### AIM OF THE EXERCISE
Copy out precisely the lines from the start of the data through the line with "注:调剂考生相关安排另行通知。", and keep pictures out of it.

### Records from a data source
===
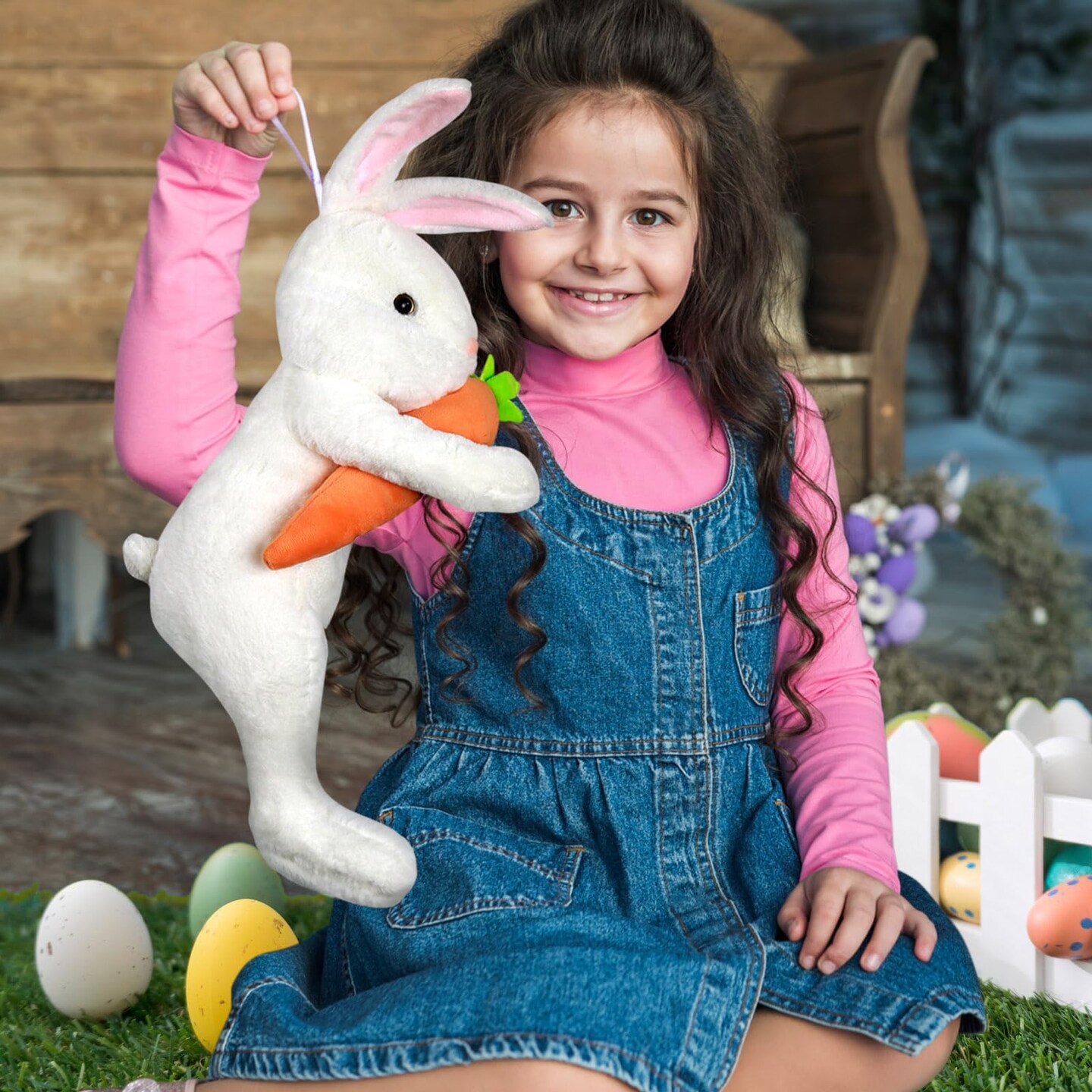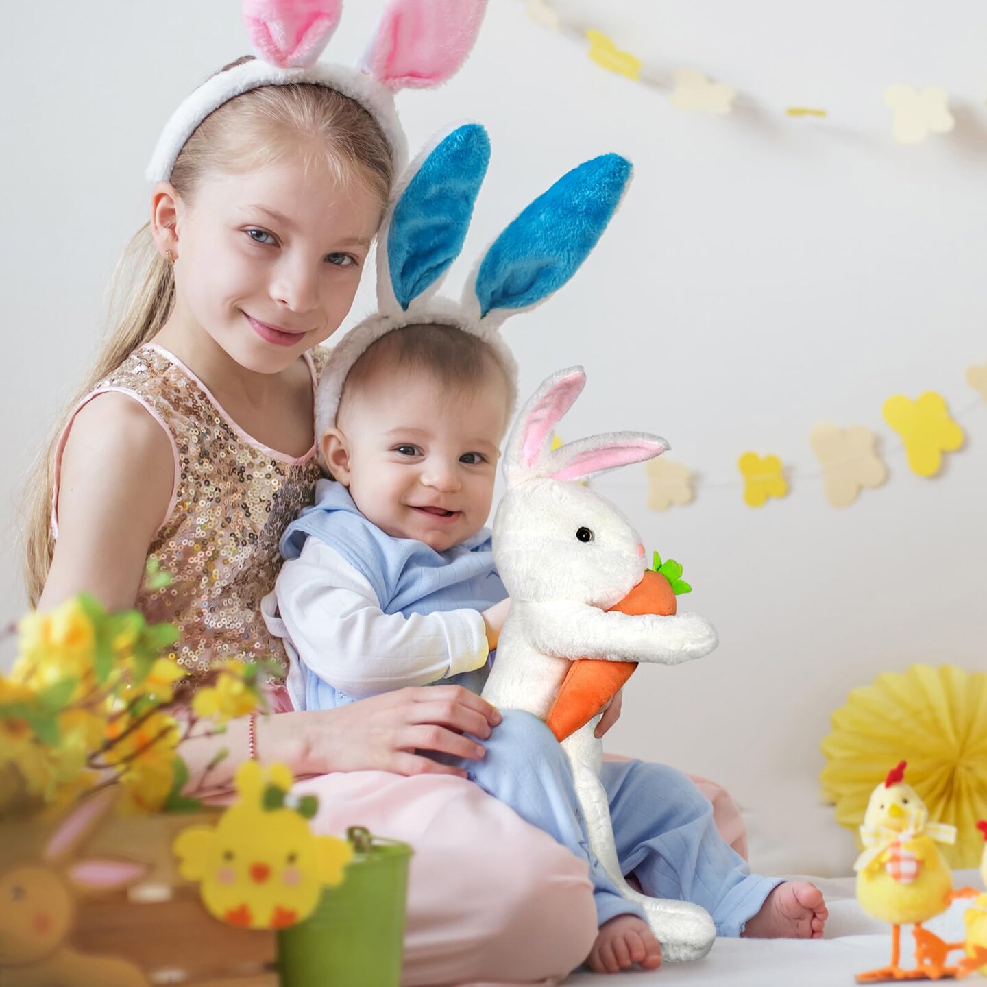 Easter Bunny Tree Topper Decorations,Spring Plush Rabbit Hugged Carrot for Tree Basket Stuffers Holiday Home Party Supplies Decor White
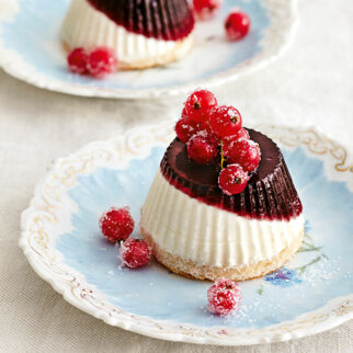 Vor dem Servieren Johannisbeerrispen waschen, trocken tupfen und mit Puderzucker bestäuben. Rosmarin abbrausen, trocken tupfen und in kleine Zweigchen schneiden. Die Torte mit Johannisbeerrispen und Rosmarin dekorieren.
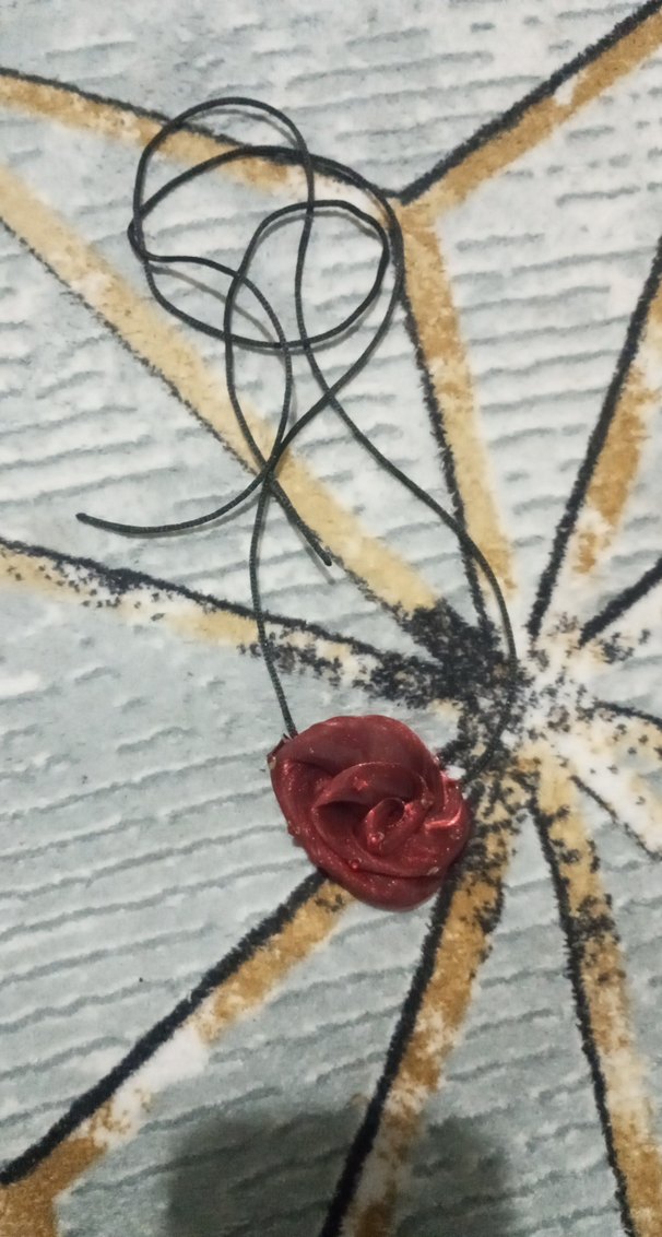 Uzun uzunlukta, zincir detaylı ve koyu kırmızı baskılı kolye, avangart tarzda romantik akşamlar için ideal.
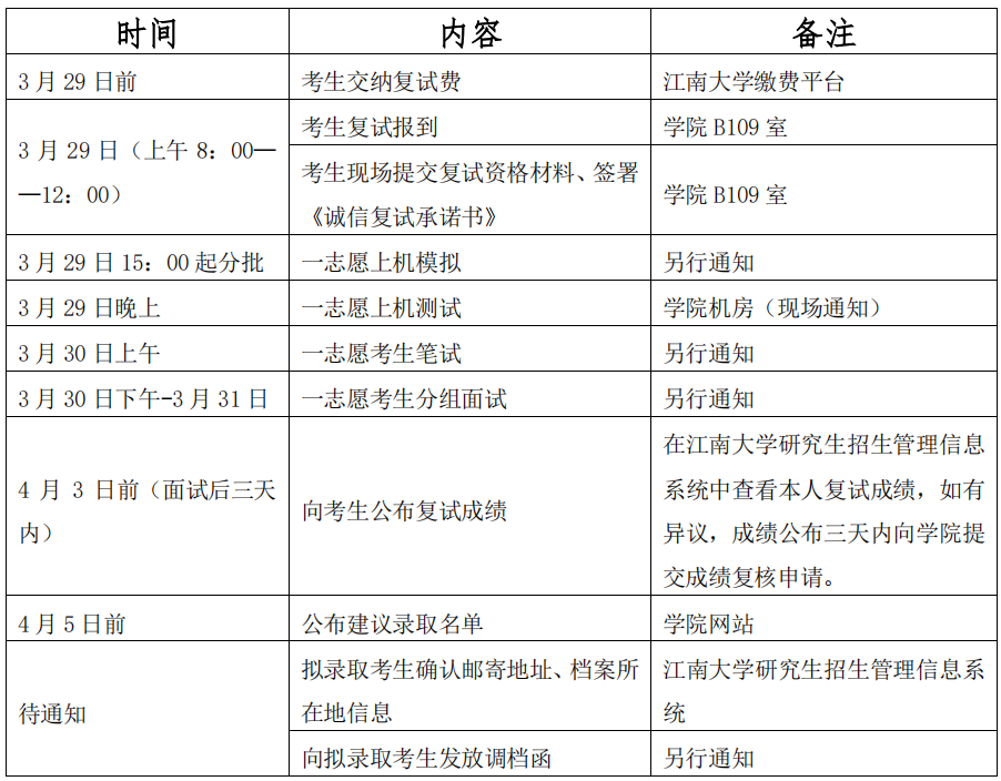 注:调剂考生相关安排另行通知。
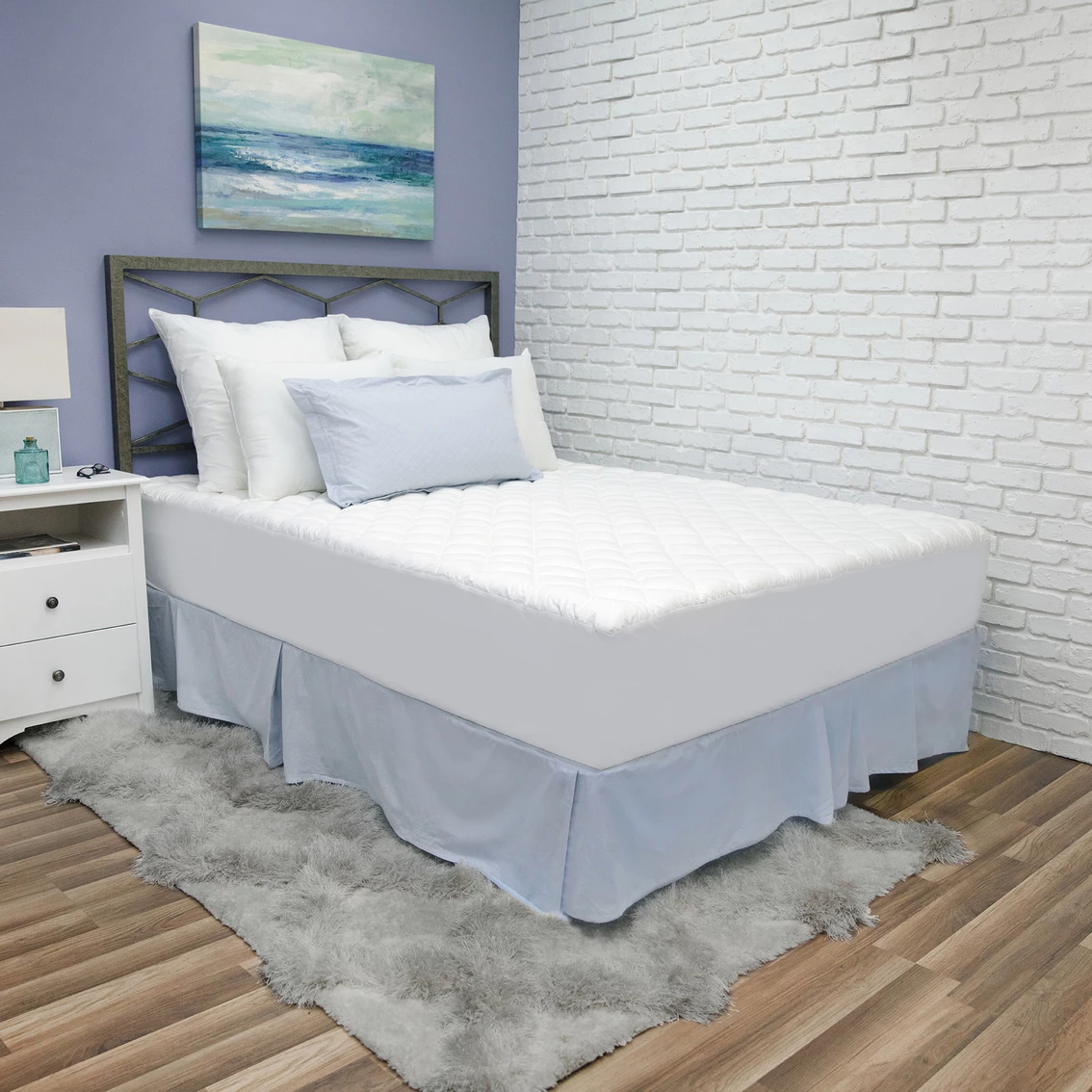 Add a layer of luxury to your mattress with the plush gel microfiber found in this Ultra Loft Mattress Pad from SensorPEDIC. This luxurious mattress pad features a 200 thread count, natural cotton cover for ultra smooth softness and is hand-stuffed with hypoallergenic gel microfiber fill to provide plush comfort while helping to keep your sleeping area fresh and clean. The stretch-to-fit bed skirt ensures this pad stays securely in place throughout the night and fits mattresses up to 18-inches deep. Machine washable for lasting freshness, this Ultra Loft Mattress Pad is sure to provide you with years of refreshing comfort and includes a 5-year warranty for worry-free relaxation. Model: 17078.
===
### RESPONSE
 Easter Bunny Tree Topper Decorations,Spring Plush Rabbit Hugged Carrot for Tree Basket Stuffers Holiday Home Party Supplies Decor White
 Vor dem Servieren Johannisbeerrispen waschen, trocken tupfen und mit Puderzucker bestäuben. Rosmarin abbrausen, trocken tupfen und in kleine Zweigchen schneiden. Die Torte mit Johannisbeerrispen und Rosmarin dekorieren.
 Uzun uzunlukta, zincir detaylı ve koyu kırmızı baskılı kolye, avangart tarzda romantik akşamlar için ideal.
 注:调剂考生相关安排另行通知。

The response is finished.